What you read today can still change. See Layer 6: Founding Ratification for the timeline, or Open Items for questions actively seeking community input.
Layer 11
Economic Framework
Revenue flows, Credit spending, and compensation on OLN.
Layer 11: Economic Framework
What this means
This Layer defines how money flows through OLN. Where revenue comes from, where it goes, how Credits are spent, how contributors are compensated (or not), and how the platform supports itself financially while remaining true to its egalitarian values.
Several core commitments shape this Layer:
- Credits are not personal income. They are governance-and-operations currency. Contributors accumulate Credits to shape the platform and fund their Franchise's ambitions, not to extract personal wealth.
- Personal compensation is possible but structured. Creator Home content can be monetized directly. Network-level Contributor Funds can compensate specific work with published criteria. Both paths are intentional and bounded.
- Cash and Credits are kept distinct. External revenue enters as cash to Franchise treasuries. Credits remain their own accounting unit, with defined conversion rates for cross-system spending.
- Transparency applies. Treasury balances, spending decisions, and revenue flows are all visible on the public ledger.
Formal Text
Article I: Revenue Streams
OLN operates the following revenue streams at launch:
1.1 Subscriptions. Reader access tiers. Franchises may offer subscription-based access to content; Network-level subscriptions cover platform-wide access.
1.2 Patronage and tipping. Direct support from readers to specific creators or Franchises.

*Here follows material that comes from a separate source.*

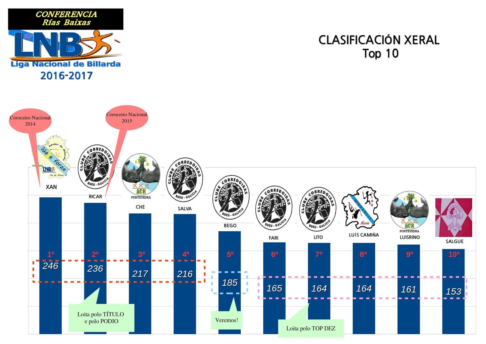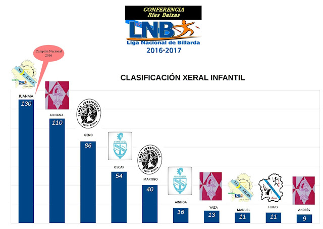 A clasificación mostra que Juanma Camiña, actual Campión Nacional da categoría, vai camiño do seu 3º Título de Conferencia consecutivo, ademais de ser un serio candidato a repetir Campionato Nacional. Adriana continúa sendo un referente feminino na LNB, pois ademais de ter moitas probabilidades de subirse ao podio na súa categoría, tamén está loitando coas palanadoras de categoría senior para entrar no podio adulto. Geno non acudiu a Barrantes e distanciase da segunda posición. Oscar é o palanador debutante de maiores prestacións, xa que empezou a xogar na 5ª xornada e xa está cerca do podio, exactamente a 32 puntos, quizáis demasiados para pensar que poida alcanzar esta temporada as prazas de honor. Mais, dada a súa idade, 9 anos, é o futuro da categoría, xunto con Martiño, pois Geno pasa de categoría este ano e a Juanma e a Adriana quedaralles a seguinte temporada para cumprir idade. Entre estes nenos e nenas estará un ou unha futur@ Coroceir@ Nacional?

Low-friction, creator-controlled.
1.3 Merchandise. Official Franchise goods (prints, books, art objects). Sold through the platform; revenue flows to Franchise treasury.
1.4 Events and experiences. Conventions, workshops, premium content, virtual events. Hosted by Franchises or at Network level.
1.5 Advertising. Non-intrusive advertising on free-tier access. Subject to caps and opt-outs per Article V.
1.6 API and data access fees. Third-party integrations paying for structured access to the platform's Fact graph and content corpus. Subject to contributor opt-out per Layer 1 and Network-level policy.
1.7 Licensing. Franchise IP licensed externally to third parties (film, TV, publishing, games, merchandise partners). Subject to governance under Layer 2 Article II and Article VI of this Layer.
Article II: Revenue Flow
2.1 External cash revenue is distinct from Credits. Cash flows to treasuries; Credits are earned through contribution per Layer 7.
2.2 Franchise revenue flows primarily to Franchise treasury. Network takes a defined cut:
- Default: 15% of gross Franchise revenue to Network
- 85% to Franchise treasury
- The 15% Network cut is amendable per Layer 1 Article II
2.3 Network-level revenue (API access, cross-Franchise initiatives, Network-only events) flows directly to Network treasury.
2.4 Treasury accounting. Franchise treasuries hold both cash and Credits, accounted separately. Network treasury holds both likewise.
2.5 Treasury transparency. Treasury balances, inflows, and outflows are public ledger. Specific external contract terms may be private where confidentiality is operationally required (e.g., licensing deals in negotiation), but summary information is published.
Article III: Network Revenue Use
Network's cut of revenue funds the following (allocations set annually by Council, amendable by Network vote):
3.1 Network operations and infrastructure. Servers, bandwidth, platform development, security, legal, administrative overhead. This is the baseline obligation.
3.2 Creator Fund. Grants for ambitious projects that benefit the Network beyond a single Franchise. Governance for specific grants follows Contributor Fund rules (Article VII).
3.3 Reserves. Runway and stability. Target reserve: 12 months of operational expenses. Reserves draw down only in emergencies and are replenished from subsequent revenue.
3.4 Charitable giving / external commitments. Network commits a defined percentage of annual revenue to causes aligned with its values. Specific recipients determined by Network vote.
Article IV: Credit Spending — Four-Tier Structure
Credits flow out of contributor holdings and treasuries through four tiers of spending.
Tier 1: Platform Operation (mandatory, automatic)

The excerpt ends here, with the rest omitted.